XRは組織がアバウトなので、誰かが勝手にXRを名乗ってもいい。こういう個人主義的な社会運動は私の好みではありますが、そのアバウトさがもたらす負の効果が見事に出ています。

深い思慮もなく、おかしなことをやってしまう人々をとめられない。自分は生活が安泰なので、移民労働者たちが乗る電車を停めても心が痛まない人たちが、その行動の意味を検討しないままXRとして行動する。このタイプの運動は理性なき衝動の人々が集まってきてしまいます。

好き勝手にやっていい運動は規模が大きくなるとどうしても逸脱者を生み、誰かがやったら別の誰かがもっと派手なことを狙うものです。それに意味があるかどうかは考えなくなって、行動自体が目的化し、何かしたことが達成感になる。

行動優先の社会運動、イベント化した社会運動では、ひとつひとつ丁寧に考えることをしなくなる。「マスクは必要なのか」「中国政府が環境問題に取り込むことがありえるのか」なんてことより、「プラカードの色はどうしよう」が優先されます。自分らが内包する問題を自省して考えることはこの先もないでしょう。

※2020年3月25日付「METRO」 XRが公式に出したものではなく、むしろXRを貶めるための貼紙かもしれないのですが、「(地球環境にとって)人類は病気である。コロナはその治療である」と書かれています。この考え方は「人口が多いことがいけない」という話につながり、いまなお人口が増加するアフリカ、中東諸国への憎悪を生みますし、「コロナという治療法」をもっとも受けているそれらの国々や先進国内の貧困層、ロックダウンによる自殺者も肯定され、アフリカで勃発する内戦も肯定されます。

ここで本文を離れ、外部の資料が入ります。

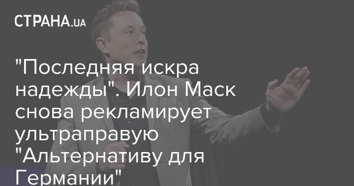 В колонке для газеты Welt am Sonntag Маск заявил, что "Альтернатива для Германии" – "это последняя искра надежды для этой страны".
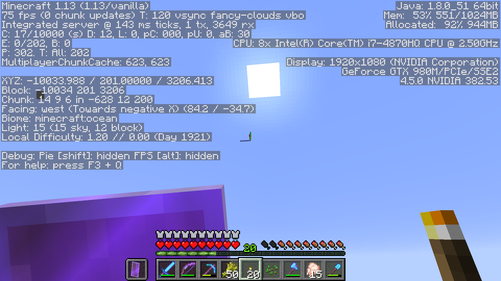 Added debug screen screenprint (processor speed, java version, some chunk info, FPS, etc). Lag issue is very pronounced in this area. Perhaps the initial chunk conversion had a glitch? subsequent chunk loading seems to be ok- the sun and animals don't lag when other, more distant chunks were loaded into the game (i.e. the nether, more distant Overworld chunks).
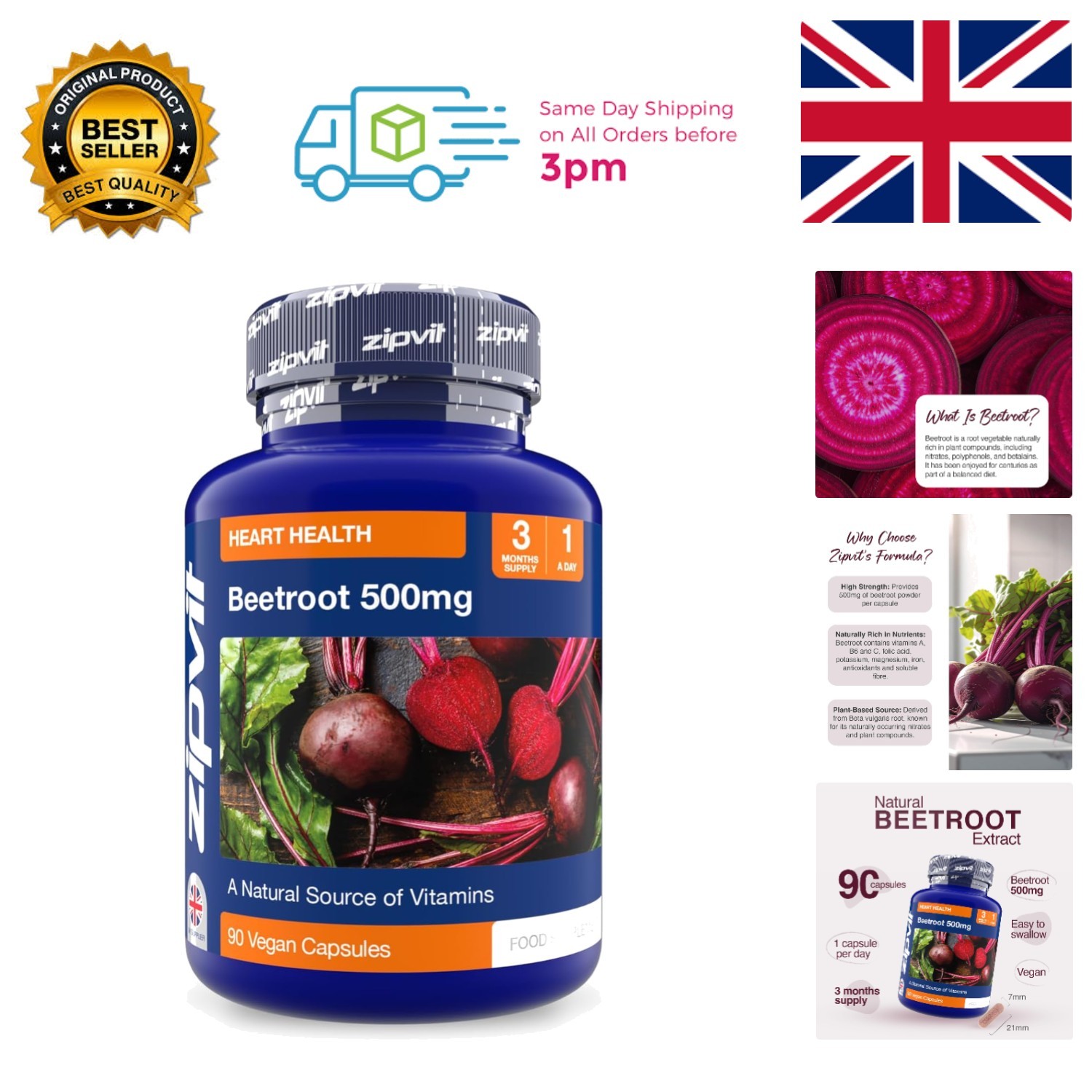 Zipvit Beetroot Capsules 500mg, 90 Vegan Capsules, Beetroot Supplement, Naturally Rich in Vitamin A, B6 and Vitamin C
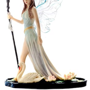 Esta magnífica estátua de elfa caminhando no lago ao lado de um cisne branco é mais do que uma simples escultura - é um símbolo de serenidade e conexão com a natureza, uma obra de arte que fala diretamente à alma.
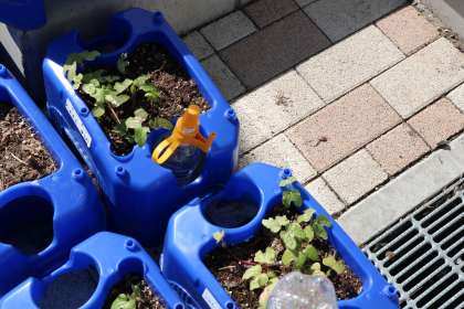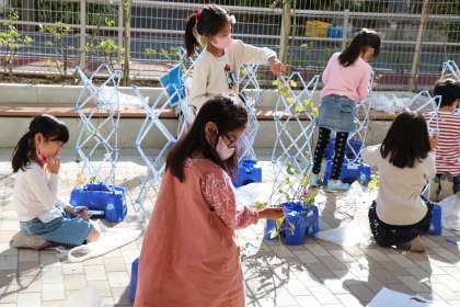 先週支柱を取った学級の植木鉢には、こぼれた種から目が出てきた植木鉢もあります。
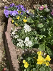 フィオリーナやっとここまで お値下げコーナーで爆買いしていた紳士の残り物を確保してきたフィオリーナたち🩵スカイブルー、💛ゴールドを2株ずつ冬の間日照時間の短い花壇でひっそりと耐え抜き、最近ようやくゴールドも咲き始めました💛まだまだフィオリーナらしい大きさではなく小さいけど、日が長く当たるようになってきたので、これから頑張ってほ

深読みかもしれないけれど、難民に対する姿勢の硬化もこの発想が関わっていそうです。人口が多くてあぶれた国々の後始末をどうして自分らがやらなければならないのかと。

いかに否定しようとも、経済活動を停止することを求めるXRにとってロックダウンは歓迎すべき事態であって、これ自体、私は受け入れられません。つっても世界はこれを受け入れた以上、世界がファシズムに半ば足を踏み入れたってことです。ゼロリスク対策にとってもっとも望ましいのは全体主義です。ロックダウンに見られる全体主義的施策と、国民の全体主義的発想を見ると、世界はXR化したのであり、そっちを肯定しておいて、XRだけを批判することはできない。どちらも私は否定。

 

 

金集めのサイクルにはまっているのでは?

 

vivanon_sentenceXRは旧来の環境運動家たちからも「地に足のついた活動から始めろ」と批判されていて、まとめて同じように見られるのはさぞかし迷惑でしょう。

XRのメンバーの自己肯定の言い訳としては「緊急事態だから」というのがあります。これで無思慮であることも他人の迷惑になることもすべて肯定されてしまう。

しかし、以前から環境問題に取り組んでいる人たちからすれば「30年前から緊急事態だったんだよ。今まで何してたの?」って話です。たしかにここに来て加速度がついて世界の環境は壊れつつあるわけですが、今日明日で解決する問題ではありません。

私だって環境問題には踏み込むことに躊躇するように、難しい問題です。調べること、考えること、議論することが必須です。

XRが目立つ行動をしてよかったのは最初だけ。そこでインパクトを社会に与えて、問題を知らしめる役割を終えたら、各自の得意分野に散るべきでした。実際、すでに離れた人たちもいます。賢明です。